Taxatierapport in het minnelijk overleg

In dit verband acht de Afdeling van belang dat de Onteigeningswet voorschrijft dat de onteigeningsprocedure voorafgegaan wordt door minnelijk overleg. Aannemelijk is dat kennisneming van het taxatierapport inzichten kan verschaffen waarmee de onderhandelingspositie van de Staat onder druk komt te staan. Nu openbaarmaking van een document op grond van de Wob ertoe leidt dat dit voor een ieder openbaar zal zijn, kunnen ook derde partijen bij inwilliging van het verzoek hun onderhandelingspositie ten opzichte van de Staat op het taxatierapport afstemmen. De Afdeling betrekt daarbij dat het taxatierapport uitgangspunten en berekeningen bevat die op zichzelf geschikt zijn voor herhaalde toepassing, waardoor aannemelijk is dat openbaarmaking ook gevolgen heeft voor de onderhandelingspositie van de Staat in de toekomst. Aldus is het belang van de Staat ook gelegen in de financiële afwikkeling van mogelijke onteigeningen in de toekomst ten behoeve van de realisatie van ruimtelijke projecten (zie tevens de uitspraak van de Afdeling van 20 januari 2010 (ECLI:NL:RVS:2010:BK9922).

Oordeel Afdeling

Gelet op het vorenstaande is de Afdeling met de rechtbank van oordeel dat de minister zich bij afweging van de betrokken belangen in redelijkheid op het standpunt heeft kunnen stellen dat het belang van openbaarmaking niet opweegt tegen de belangen waarop hij zich heeft beroepen. De Afdeling is met de rechtbank van oordeel dat de minister met een beroep op artikel 10 lid 2 aanhef en onder b en g Wob openbaarmaking van het taxatierapport heeft mogen weigeren.

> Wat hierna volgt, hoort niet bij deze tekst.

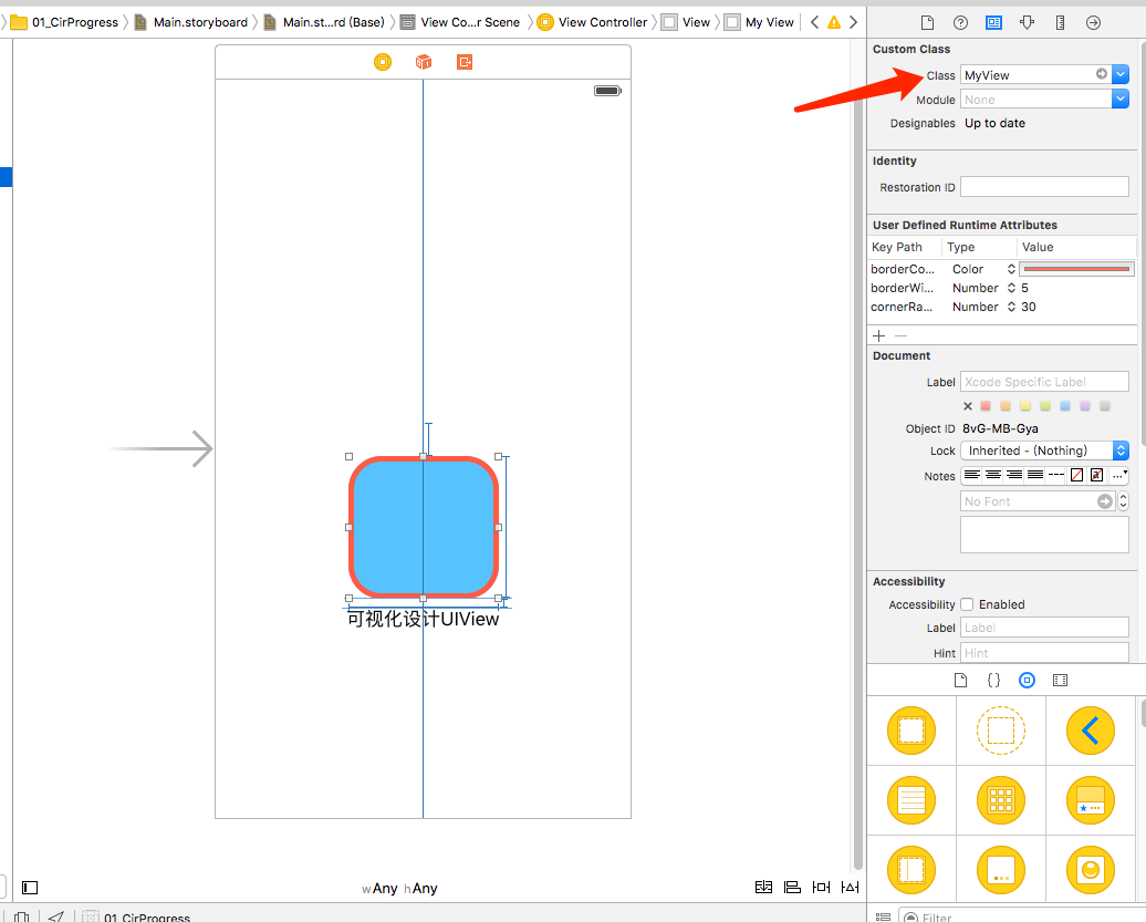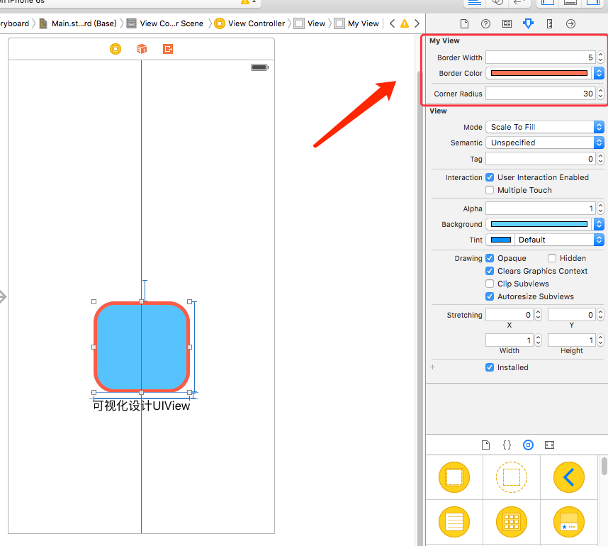 #import <UIKit/UIKit.h>// 設置類為可視化設計IB_DESIGNABLE@interface MyView : UIView// IBInspectable 為可視化設計屬性// 邊框寬度@property (nonatomic,assign)IBInspectable float borderWidth;// 邊框顏色@property (nonatomic,retain)IBInspectable UIColor* borderColor;// 圓角@property (nonatomic,assign)IBInspectable float cornerRadius;@end

Dat de Onteigeningswet voorschrijft dat de Staat de grondeigenaar schadeloos dient te stellen, leidt niet volgens de Afdeling tot een ander oordeel, aangezien de onteigeningsprocedure voorafgegaan wordt door minnelijk overleg. Indien het minnelijk overleg niet leidt tot verwerving van de gronden van de appellante, zal zij op grond van de Onteigeningswet alsnog volledig schadeloos gesteld worden en kan zij volgens de Afdeling aldus gronden van gelijke omvang kopen en haar boerenbedrijf voortzetten.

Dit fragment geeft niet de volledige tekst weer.